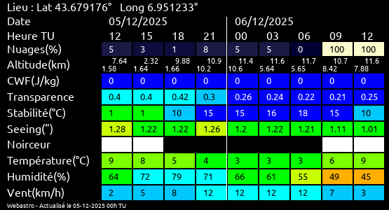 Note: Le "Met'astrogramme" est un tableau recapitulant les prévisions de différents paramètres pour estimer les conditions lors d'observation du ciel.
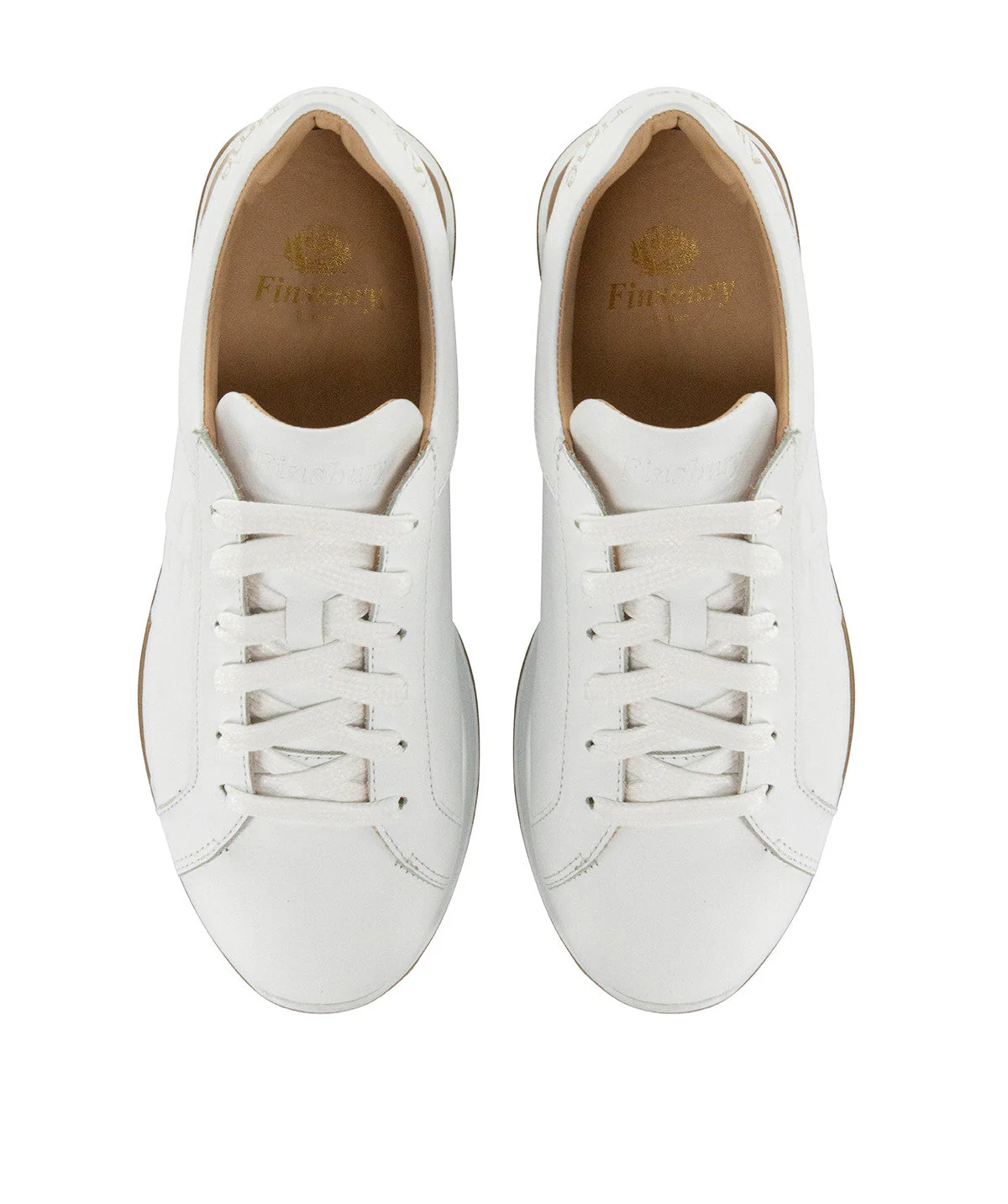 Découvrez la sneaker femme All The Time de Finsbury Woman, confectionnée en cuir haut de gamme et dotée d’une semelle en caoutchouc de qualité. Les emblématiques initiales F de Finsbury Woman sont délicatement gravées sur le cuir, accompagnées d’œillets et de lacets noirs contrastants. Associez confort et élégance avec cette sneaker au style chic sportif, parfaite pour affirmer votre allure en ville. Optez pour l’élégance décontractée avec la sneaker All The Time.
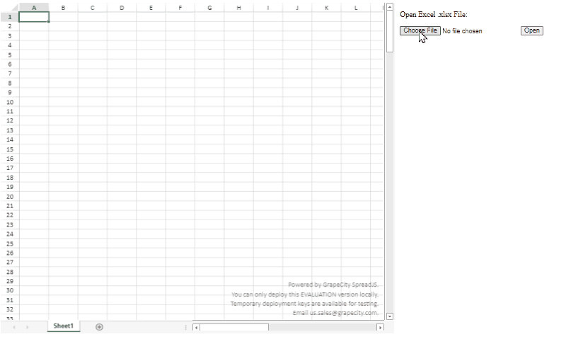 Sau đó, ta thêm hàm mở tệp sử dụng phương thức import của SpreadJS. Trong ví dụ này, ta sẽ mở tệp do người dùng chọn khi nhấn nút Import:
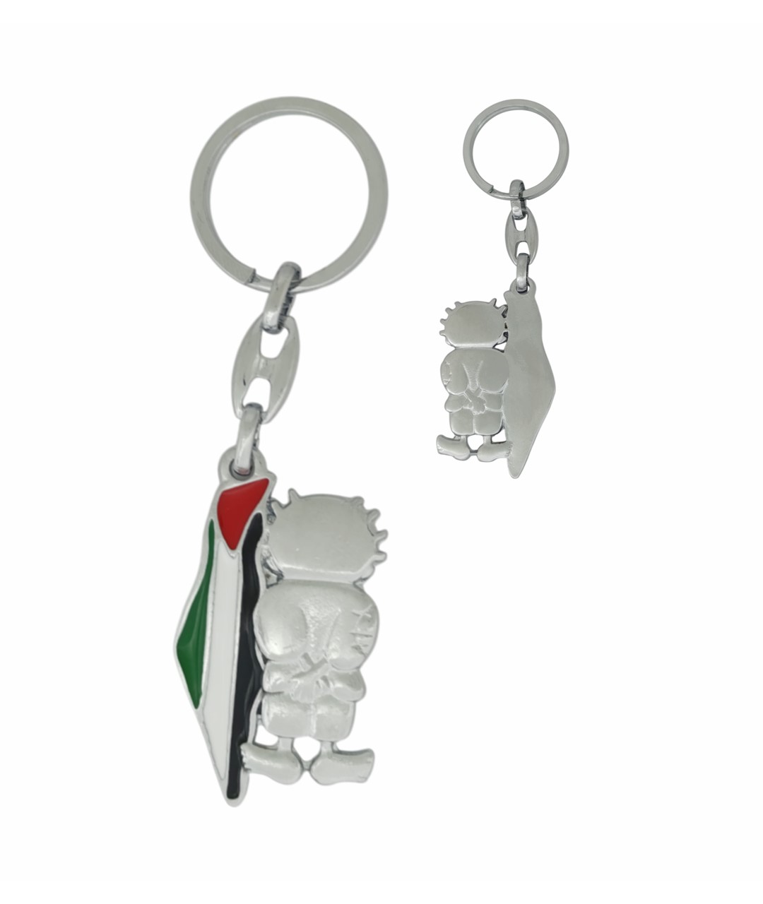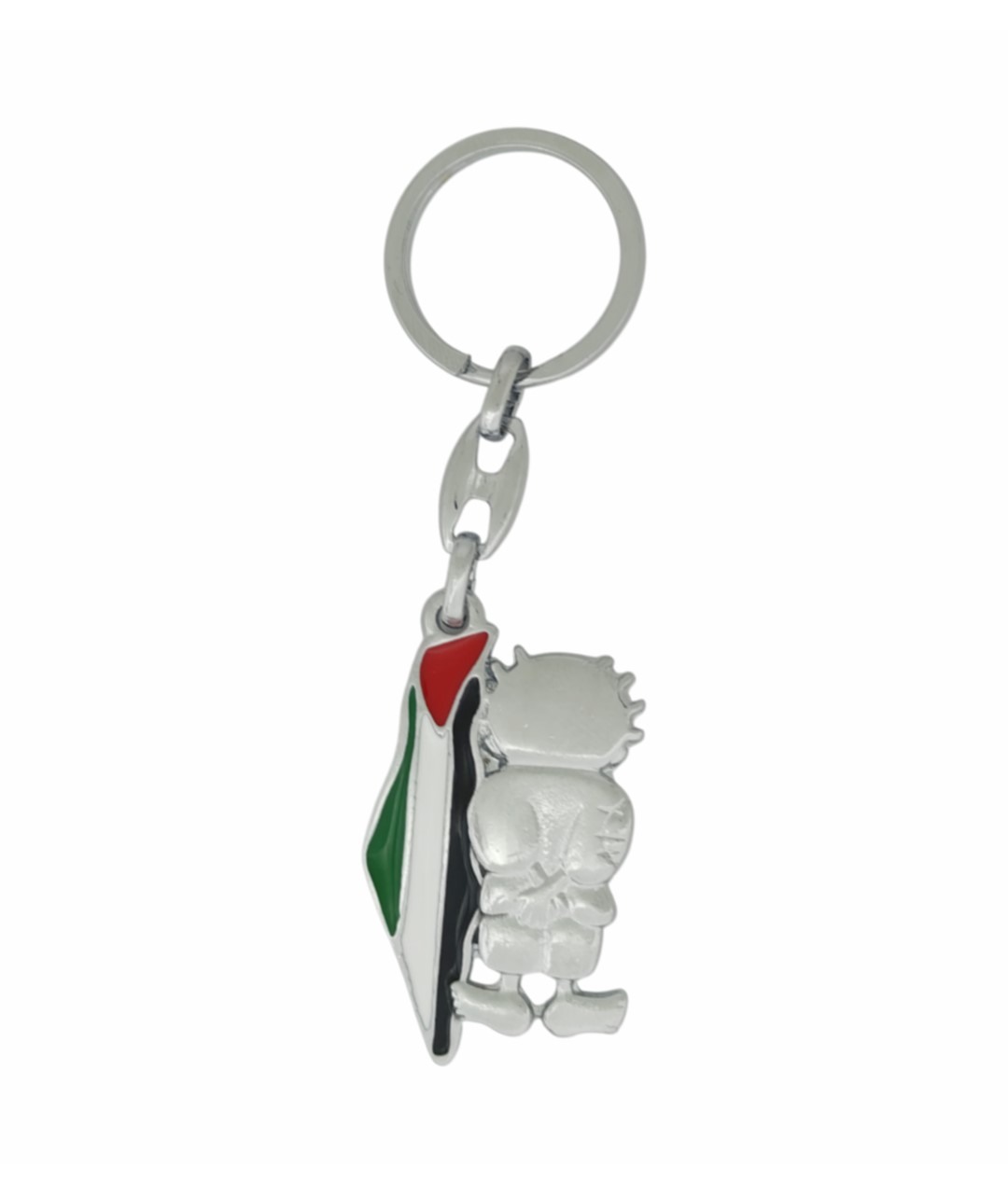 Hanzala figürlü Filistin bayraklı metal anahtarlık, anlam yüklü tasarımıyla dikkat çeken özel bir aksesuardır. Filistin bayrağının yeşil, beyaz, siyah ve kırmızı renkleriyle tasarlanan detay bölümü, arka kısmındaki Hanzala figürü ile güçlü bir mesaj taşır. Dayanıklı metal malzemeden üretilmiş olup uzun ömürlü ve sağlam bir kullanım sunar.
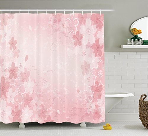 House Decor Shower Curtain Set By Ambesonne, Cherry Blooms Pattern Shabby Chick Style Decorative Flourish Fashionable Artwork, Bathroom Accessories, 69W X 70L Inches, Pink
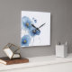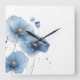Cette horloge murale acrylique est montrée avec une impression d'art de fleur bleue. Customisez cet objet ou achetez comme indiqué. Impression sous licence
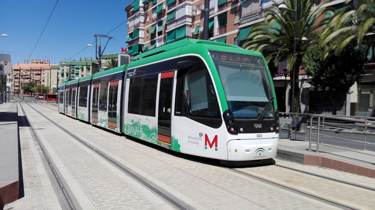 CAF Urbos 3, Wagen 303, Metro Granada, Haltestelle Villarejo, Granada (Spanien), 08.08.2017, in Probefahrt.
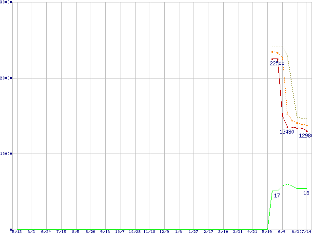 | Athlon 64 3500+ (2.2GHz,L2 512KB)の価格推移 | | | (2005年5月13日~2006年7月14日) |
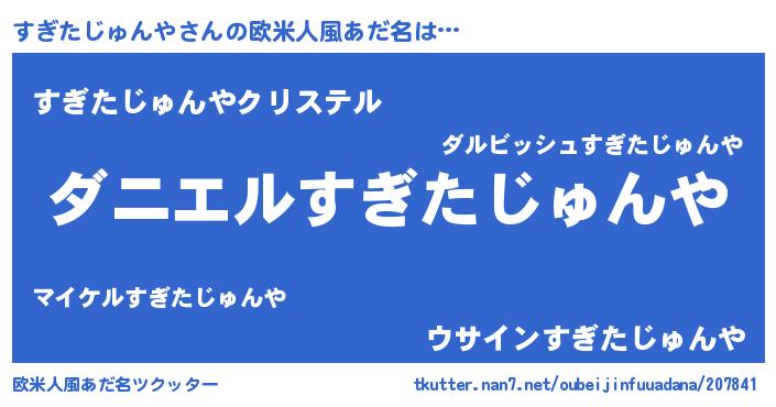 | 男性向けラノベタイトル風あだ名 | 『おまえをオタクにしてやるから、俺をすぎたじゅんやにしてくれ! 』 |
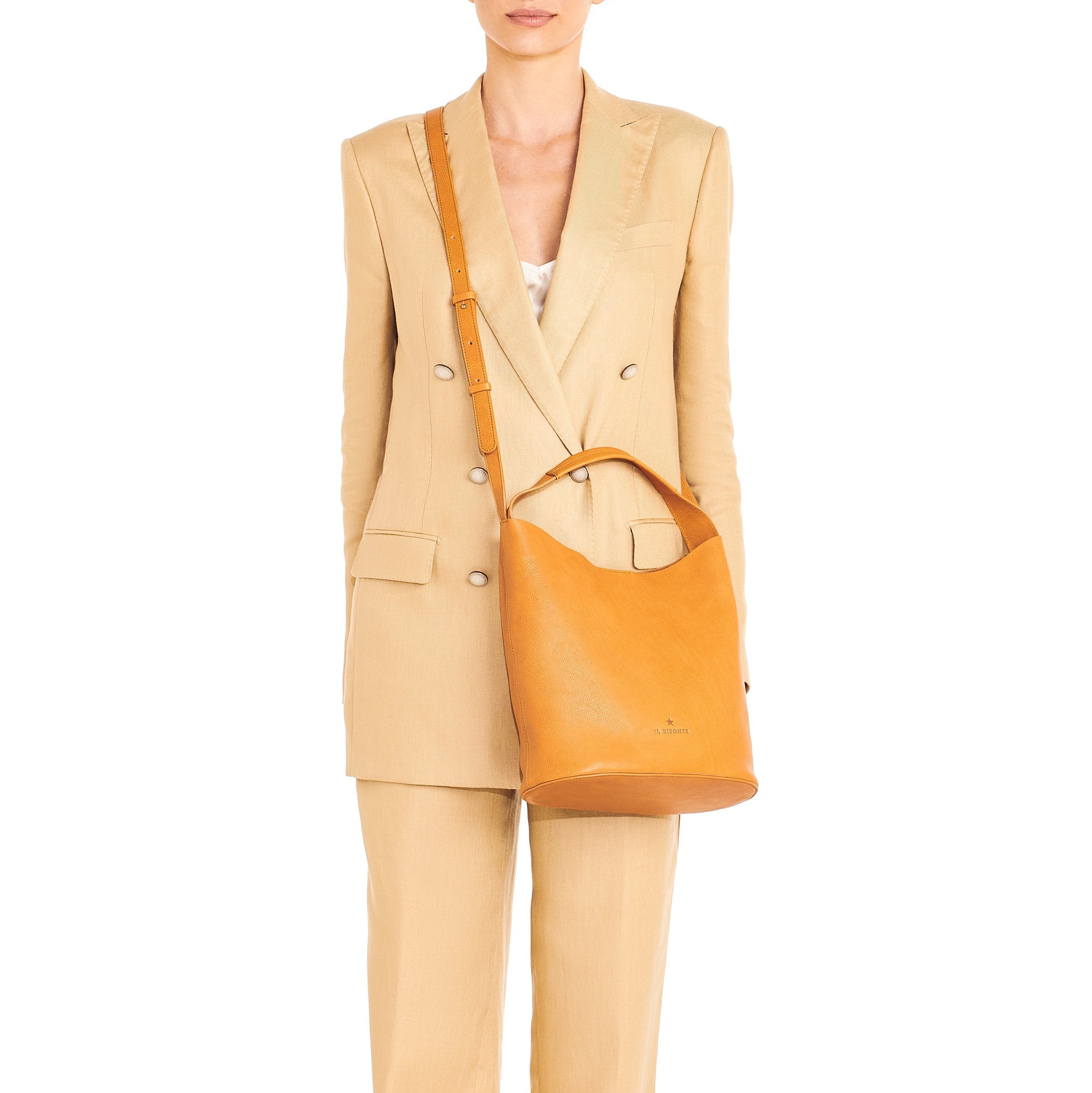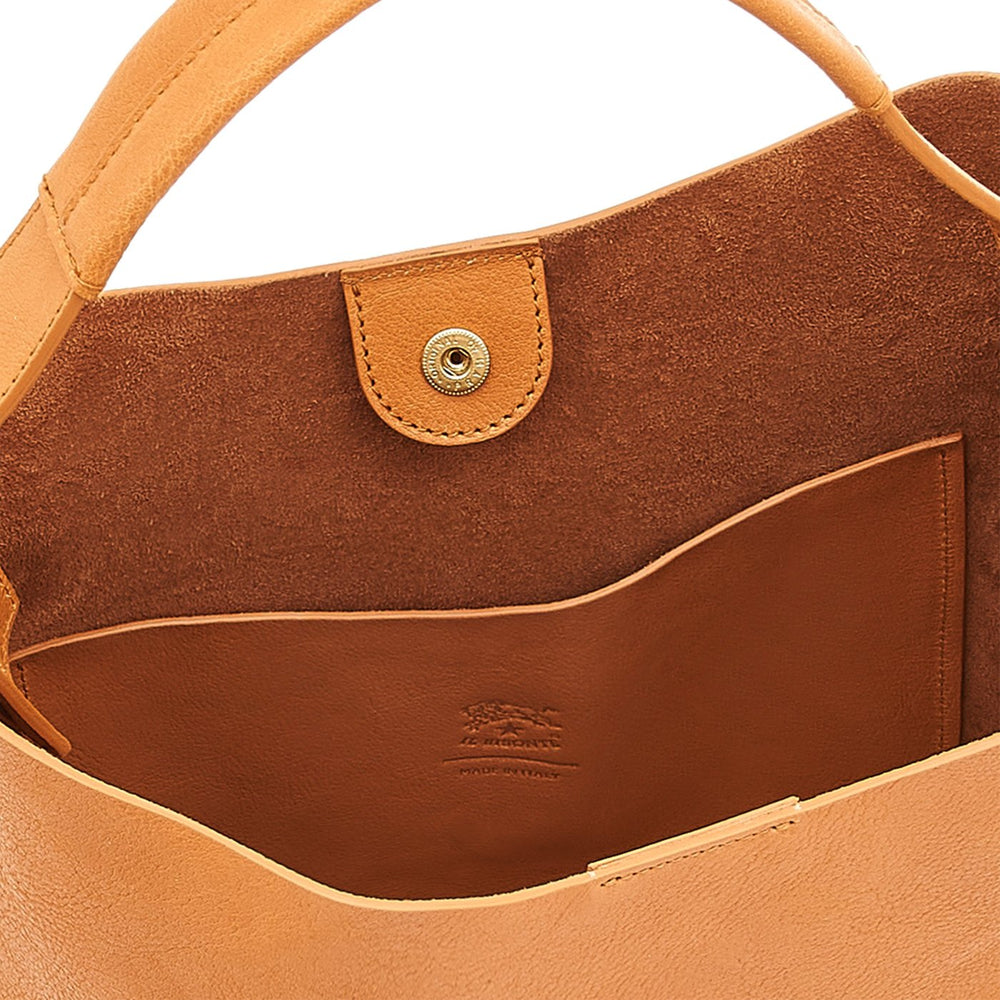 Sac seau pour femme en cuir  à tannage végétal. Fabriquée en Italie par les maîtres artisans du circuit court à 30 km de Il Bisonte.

EXERCISE GOAL. From the line containing "男性向けラノベタイトル風あだ名 | 『おまえをオタクにしてやるから、俺をすぎたじゅんやにしてくれ! 』 |" to the end of the data above, give those lines again verbatim, with both endpoints included and no images.

REPLY TO THE EXERCISE.
 | 男性向けラノベタイトル風あだ名 | 『おまえをオタクにしてやるから、俺をすぎたじゅんやにしてくれ! 』 |
 Sac seau pour femme en cuir  à tannage végétal. Fabriquée en Italie par les maîtres artisans du circuit court à 30 km de Il Bisonte.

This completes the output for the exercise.